The Russian walked into the hall and surveyed the scene in front of him. He took a phone out of his pocket and dialled. He spoke in a low snarl for a few minutes and then hung up. He slipped the phone back into his pocket.

 

He crouched down and looked closely at her face. Blood was dribbling out the corner of her mouth. She must have bitten her tongue on the way down. Was she breathing? He couldn’t tell, and he wasn’t going anywhere near her face to find out. He couldn’t take that chance. He knew of people living through worse injuries and if he could get away with not being here, then all the better for him.

 

He had to make sure, somehow. He assessed the situation and decided on the best solution. He rocked back onto his haunches and placed his hands either side of Julie’s body. He carefully knelt on her back until all his weight was on her. He stayed there for a couple of minutes until he could be certain she was dead. Then the Russian stood up and made his way back to the study.

 

He looked around the room, admiring its grandeur.
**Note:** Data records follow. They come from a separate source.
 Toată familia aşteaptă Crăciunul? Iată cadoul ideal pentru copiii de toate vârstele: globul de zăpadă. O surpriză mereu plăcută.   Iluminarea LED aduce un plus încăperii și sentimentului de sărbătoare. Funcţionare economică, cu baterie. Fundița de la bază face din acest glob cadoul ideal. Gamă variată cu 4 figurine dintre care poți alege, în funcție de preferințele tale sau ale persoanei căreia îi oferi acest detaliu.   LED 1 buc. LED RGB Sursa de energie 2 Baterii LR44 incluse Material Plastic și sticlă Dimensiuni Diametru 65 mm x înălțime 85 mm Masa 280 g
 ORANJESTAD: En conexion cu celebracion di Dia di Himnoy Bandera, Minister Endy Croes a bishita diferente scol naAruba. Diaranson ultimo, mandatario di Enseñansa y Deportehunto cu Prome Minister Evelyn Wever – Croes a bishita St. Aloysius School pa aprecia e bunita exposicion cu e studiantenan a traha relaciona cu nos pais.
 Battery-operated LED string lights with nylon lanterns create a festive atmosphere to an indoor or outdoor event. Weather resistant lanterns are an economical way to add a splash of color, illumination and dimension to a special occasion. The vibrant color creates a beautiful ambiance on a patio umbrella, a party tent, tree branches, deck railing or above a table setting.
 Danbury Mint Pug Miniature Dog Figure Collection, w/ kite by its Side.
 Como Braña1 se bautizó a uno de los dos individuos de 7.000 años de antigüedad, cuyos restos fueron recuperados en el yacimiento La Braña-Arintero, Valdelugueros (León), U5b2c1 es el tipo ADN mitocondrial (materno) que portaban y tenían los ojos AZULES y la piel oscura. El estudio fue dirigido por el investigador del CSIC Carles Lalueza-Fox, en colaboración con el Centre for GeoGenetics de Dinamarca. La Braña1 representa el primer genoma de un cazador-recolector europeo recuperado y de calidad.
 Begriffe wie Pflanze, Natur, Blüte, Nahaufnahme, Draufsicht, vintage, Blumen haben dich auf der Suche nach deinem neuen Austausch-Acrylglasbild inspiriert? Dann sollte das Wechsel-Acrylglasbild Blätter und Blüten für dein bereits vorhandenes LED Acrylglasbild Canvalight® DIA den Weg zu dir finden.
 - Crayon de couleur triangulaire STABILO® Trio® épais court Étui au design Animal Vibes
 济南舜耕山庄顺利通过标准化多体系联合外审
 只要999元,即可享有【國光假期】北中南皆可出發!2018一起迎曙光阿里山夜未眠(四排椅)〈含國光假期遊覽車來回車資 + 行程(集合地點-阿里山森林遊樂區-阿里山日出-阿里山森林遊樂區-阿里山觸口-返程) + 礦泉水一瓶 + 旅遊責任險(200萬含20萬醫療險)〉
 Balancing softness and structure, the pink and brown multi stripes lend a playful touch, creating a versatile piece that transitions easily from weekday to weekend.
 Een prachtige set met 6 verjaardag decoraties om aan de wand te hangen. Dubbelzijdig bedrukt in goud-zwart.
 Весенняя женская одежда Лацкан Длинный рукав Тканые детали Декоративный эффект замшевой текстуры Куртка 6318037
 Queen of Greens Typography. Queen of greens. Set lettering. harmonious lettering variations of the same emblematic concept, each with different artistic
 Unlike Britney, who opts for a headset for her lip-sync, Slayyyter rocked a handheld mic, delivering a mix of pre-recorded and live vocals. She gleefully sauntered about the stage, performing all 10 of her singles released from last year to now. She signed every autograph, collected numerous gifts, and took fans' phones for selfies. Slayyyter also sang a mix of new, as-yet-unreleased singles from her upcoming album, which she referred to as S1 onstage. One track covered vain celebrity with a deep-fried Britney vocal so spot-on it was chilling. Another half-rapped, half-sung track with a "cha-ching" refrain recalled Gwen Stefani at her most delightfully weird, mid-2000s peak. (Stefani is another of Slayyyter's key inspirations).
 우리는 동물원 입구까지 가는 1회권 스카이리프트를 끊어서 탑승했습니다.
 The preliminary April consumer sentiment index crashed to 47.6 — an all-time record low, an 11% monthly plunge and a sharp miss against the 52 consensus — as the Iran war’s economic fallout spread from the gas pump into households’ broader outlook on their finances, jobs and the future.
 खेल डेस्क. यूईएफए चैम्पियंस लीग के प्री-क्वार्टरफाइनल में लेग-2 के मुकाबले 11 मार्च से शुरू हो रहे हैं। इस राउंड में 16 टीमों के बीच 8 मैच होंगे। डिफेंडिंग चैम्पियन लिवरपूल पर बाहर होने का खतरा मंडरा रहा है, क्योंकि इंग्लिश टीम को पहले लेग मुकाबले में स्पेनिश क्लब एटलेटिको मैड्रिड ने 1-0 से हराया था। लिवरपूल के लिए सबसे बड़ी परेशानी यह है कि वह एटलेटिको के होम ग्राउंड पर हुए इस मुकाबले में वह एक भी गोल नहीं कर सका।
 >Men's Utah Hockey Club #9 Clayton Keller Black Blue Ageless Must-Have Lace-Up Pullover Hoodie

This guy certainly knew how to spend his money. He smiled to himself at the irony of that thought. He looked at the photos on the desk. There was one of Mr Carson shaking hands with some important looking man, and a smaller one of him and his family. The girl was cute, shame she’d have to grow up without a mother. He tried the drawers. Locked. Hardly a surprise, considering Mr Carson’s secrets. He decided there was nothing else to see here and made his way to the door.

 

He stopped in the doorway and turned around. He unplugged the Hoover and carried it into the hall. He lay it on the floor next to Mrs Carson’s body and trailed the cord to the nearest plug socket. He turned the socket on and dropped the plug on the floor. As he made his way past the body he looped the cord once around Mrs Carson’s ankle. He smiled at his genius.

 

The Russian walked through the extravagant dining room and into the kitchen, selecting an apple from the fruit bowl on his way. He paused at the back door and made one last check to make sure everything was in order. He took a bite of the apple, and left.